Помимо генеральной концепции, в монографии существует еще немало любопытных наблюдений. Так, касаясь чрезвычайных налогов, С.Б. Веселовский категорически не соглашается с мнением П.Н. Милюкова об особом пути развития русской финансовой системы, которое вписывалось в так называемую «теорию контраста» последнего. По мнению Милюкова, в отличие от Европы, где прямое обложение занимало главенствующую роль, в России казна пополнялась за счет чрезвычайных сборов[529]
. Веселовский на новом материале и путем сравнения податных систем России и Западной Европы (помогли фундаментальные знания, приобретенные в ходе работы над кандидатским сочинением) опроверг это мнение. Он показал, с одной стороны, что значение прямых налогов в государственном бюджете Московского государства было велико, а с другой – указал на большое значение чрезвычайных в европейской истории[530]. Таким образом, в работе есть элементы и сравнительно-исторического исследования. Более того, Веселовский, видимо, не соглашался с радикальным размежеванием отечественной и европейской истории. Любопытно отметить и то, что, с точки зрения Веселовского, поместное землевладение в России долгое время носило «прекарный характер», что сближало его с европейским.Нестандартную трактовку историку удалось предложить и по проблеме так называемой «живущей чети», впервые открытой еще А.С. Лаппо-Данилевским. Веселовский считал, что это окладная единица, носящая, по мнению большинства историков, переходной характер от «сохи» ко «двору», на самом деле не была самостоятельной единицей, а только техническим усовершенствованием сохи. «Главная цель дворовой чети состояла не в каких-либо новшествах, а в обновлении и сохранении разрушавшегося сошного письма»[531]
.Появившаяся книга интересна в первую очередь филигранной источниковедческой работой и высокой концентрацией фактического материала. Веселовский крайне осторожно делал какие-либо выводы концептуального свойства. Сам автор отмечал свою скрупулезную работу над источниками: «…Некоторые места, особенно во втором томе, представляют очень сложную комбинацию различных методов мышления и исследования»[532]
. На монографию поступило множество отзывов, как официальных, так и неофициальных. Начнем с первых.По выходу первого тома появился один отзыв, во многом формальный, поскольку научная общественность ждала выхода книги целиком. В нем К.В. Кудряшов писал, что «книга интересна для специалиста» и «богата содержанием», а «некоторые наблюдения… весьма любопытны»[533]

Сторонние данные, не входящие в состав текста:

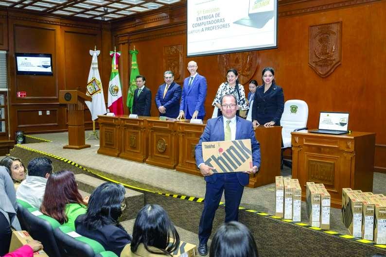 Con el propósito de establecer un proceso de mejora continua en la calidad educativa, a través del uso de las nuevas herramientas tecnológicasydigitales,elrector de la Universidad Autónoma del Estado de México (UAEMéx), Carlos Eduardo Barrera Díaz, presidióla5°Entregadecomputadoras portátiles a profesores de tiempo completo, medio tiempo,técnicos académicos y deasignatura,enla Sala "Benito Juárez García" del Edificio de Rectoría. Acompañado del secretario de Docencia, José Raymundo Marcial Romero y de la secretaria de Administración, Eréndira Fierro Moreno,Barrera Díaz comentó que la UAEMéx es una institución de nivel medio superior y superior que reconoce la
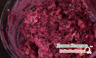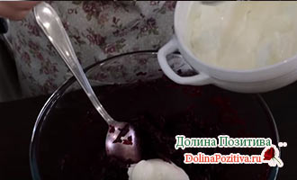- Подрібніть варений буряк, блендером доведіть до пюреобразного стану. Додайте дві столові ложки майонезу, злегка збийте блендером. Приєднайте остиглий желатин, знову збийте.

. Серия рецензий появилась после публикации второго тома. Первым появился отзыв в библиографическом обзоре в «Исторических известиях», написанный Готье. Несмотря на критику Веселовским его работы «Замосковный край…», тон обзора был спокойный, а монография названа «крупным исследованием»[534].А вот рецензия М.М. Богословского стала резкой и вскоре приобрела скандальный оттенок. Рецензент обвинял Веселовского в сумбурности изложения материала, отсутствии какой-либо системы и последовательности[535]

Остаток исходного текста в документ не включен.